MANILA, Philippines – The Department of Migrant Workers (DMW) has decided to defer the deployment of first-time overseas Filipino workers who applied for jobs in Kuwait. This decision comes after news of the brutal fate suffered by Jullebee Ranara, an OFW working as a household helper in Kuwait, surfaced last month and alarmed the government to review and look into the measures established to ensure the safety and welfare of OFWs.

DMW Secretary Susan “Toots” Ople reiterated that the decision is only applicable to first-time OFW domestic workers destined to Kuwait, especially household service workers.

Ople said the rule shall be lifted only “after significant reforms have been made and more safeguards are in place for their protection and welfare”.

In line with this, a series of bilateral talks between the Philippine and the Kuwaiti governments are in the works to discuss the matter.
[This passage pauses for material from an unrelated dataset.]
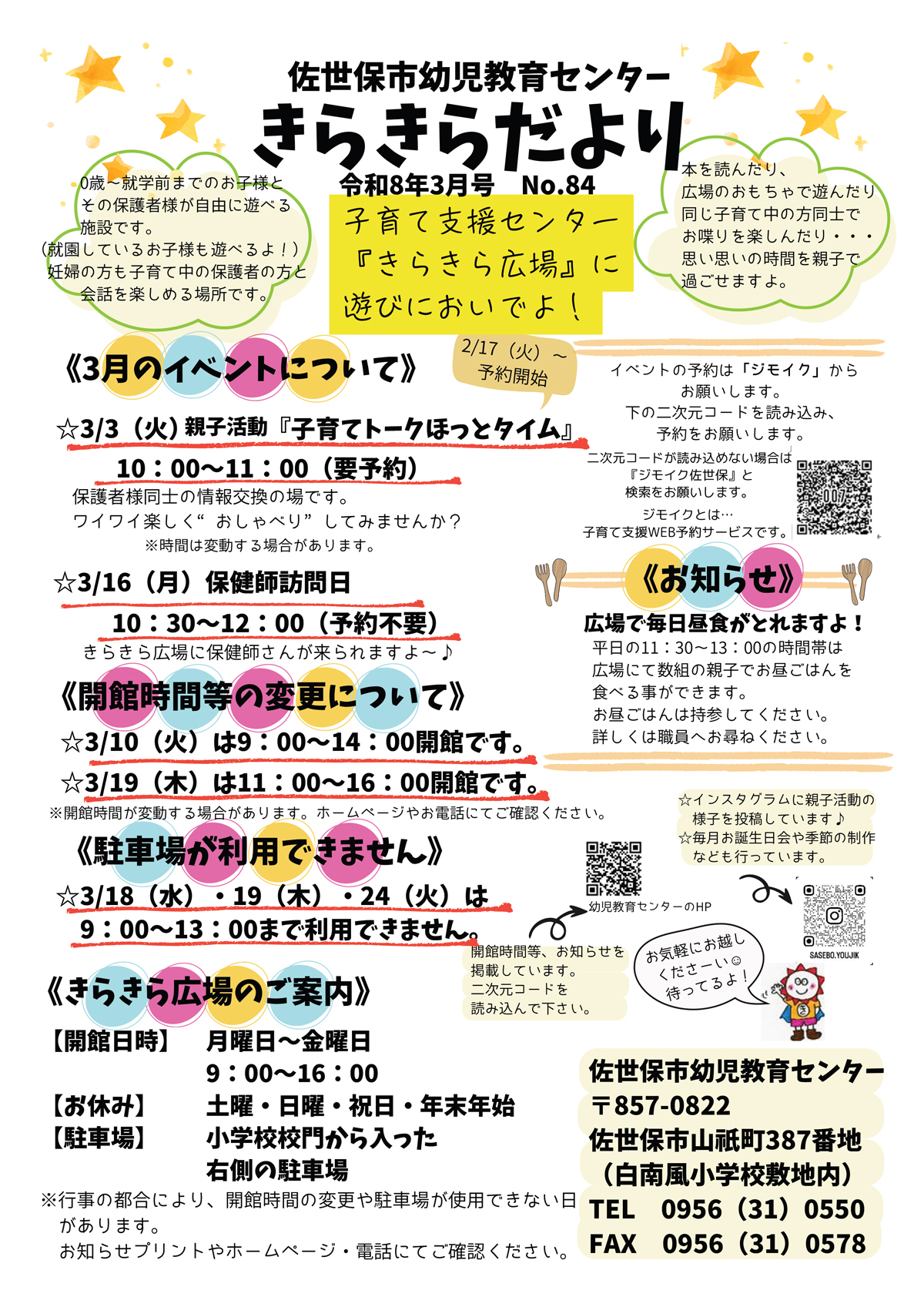 佐世保市幼児教育センター発行「きらきらだより」2026年3月号

“We have also been informed through diplomatic channels of the willingness of the Kuwait government to engage in bilateral labor talks. We are preparing well in advance for these talks, bringing with us an accumulation of abuse done over the years, hence the need for significant changes,” Ople said.

The brutal death suffered by Ranara at the hands of the 17-year old son of her employer sparked outrage among Filipinos.

Just weeks after this, news of Myla Balbag’s mistreatment from her Kuwaiti employer broke out.

30-year old Balbag was beaten up by her employer after the latter caught her dancing while using TikTok. Scared for her life, the overseas Filipino worker (OFW) jumped from the third floor of her employer’s house, leaving her paralyzed.

These urged Philippine officials, including Senator Raffy Tulfo, who is the chairperson of the Committee on Migrant Workers, to seriously analyze the need for a deployment ban to Kuwait.

Ople, however, explained that total deployment ban to the said country would be hard to consider as 195,000 OFWs who are currently in Kuwait would be affected.

She further said that some of these OFWs have worked in Kuwait for several years already and still want to continue working with their old employers.

“Relevant agencies must establish a tighter screening process on foreign employers to avoid abuse and maltreatment of OFWs. These include requiring them to submit a police record and pass a neuro-psychiatric exam to ensure that they are mentally stable,” Tulfo proposed earlier.

“There should also be a pre-engagement orientation for foreign employers before letting them hire OFWs. The orientation should brief them about the importance of respecting Philippine culture and tradition,” he added.